The final step is to instruct the LLM to synthesize the content into a research report, including citations of the original links. We can do that by pairing the content and the URLs and writing them into the prompt.

Python
def synthesize_report(topic, search_contents, content_slice=750):
    input_data = '\n'.join([f"--START ITEM--\nURL: {item.url}\nCONTENT: {item.text[:content_slice]}\n--END ITEM--\n" for item in search_contents])
    return get_llm_response(
        system='You are a helpful research assistant. Write a report according to the user\'s instructions.',
        user=f'Input Data:\n{input_data}Write a two paragraph research report about {topic} based on the provided information. Include as many sources as possible. Provide citations in the text using footnote notation ([#]). First provide the report, followed by a single "References" section that lists all the URLs used, in the format [#] <url>.',
        # model='gpt-4'  # want a better report? use gpt-4 (but it costs more)
    )

All Together Now

Now, let’s just wrap everything into one Researcher function that strings together all the functions we’ve written. Given a user’s research topic, the Researcher will generate search queries, feed those queries to Exa Auto Search, and finally use an LLM to synthesize the retrieved information. Three simple steps!

Python
def researcher(topic):
    print(f'Starting research on topic: "{topic}"')

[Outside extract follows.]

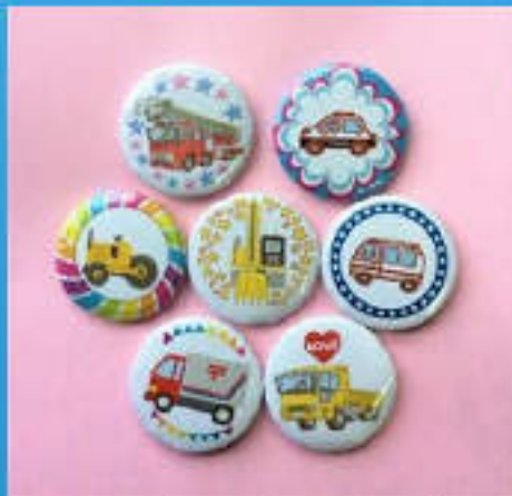
のりもの缶バッジ

・ショベルカーのラジコンで重機消しゴムや のりもの缶バッジをゲット！ ・ショベルカーのしおり作り

    search_queries = generate_search_queries(topic, 3)
    print("Generated search queries:", search_queries)

    search_results = get_search_results(search_queries)
    print(f"Found {len(search_results)} search results. Here's the first one:", search_results[0])

    print("Synthesizing report...")
    report = synthesize_report(topic, search_results)

    return report

In just a couple lines of code, we’ve used Exa to go from a research topic to a valuable essay with up-to-date sources.

Python
def run_examples():
    print("Researching Sam Altman:")
    sama_report = researcher(SAMA_TOPIC)
    print(sama_report)

    print("\n\nResearching Renaissance Art:")
    art_report = researcher(ART_TOPIC)
    print(art_report)

# To use the researcher on the examples, simply call the run_examples() function:
if __name__ == "__main__":
    run_examples()

# Or, to research a specific topic:
# print(researcher("llama antibodies"))

This Python implementation of Exa Researcher demonstrates how to leverage Exa’s Auto Search feature and the OpenAI API to create an automated research tool. By combining Exa’s powerful search capabilities with GPT-3.5 Turbo’s language understanding and generation, we’ve created a system that can quickly gather and synthesize information on any given topic.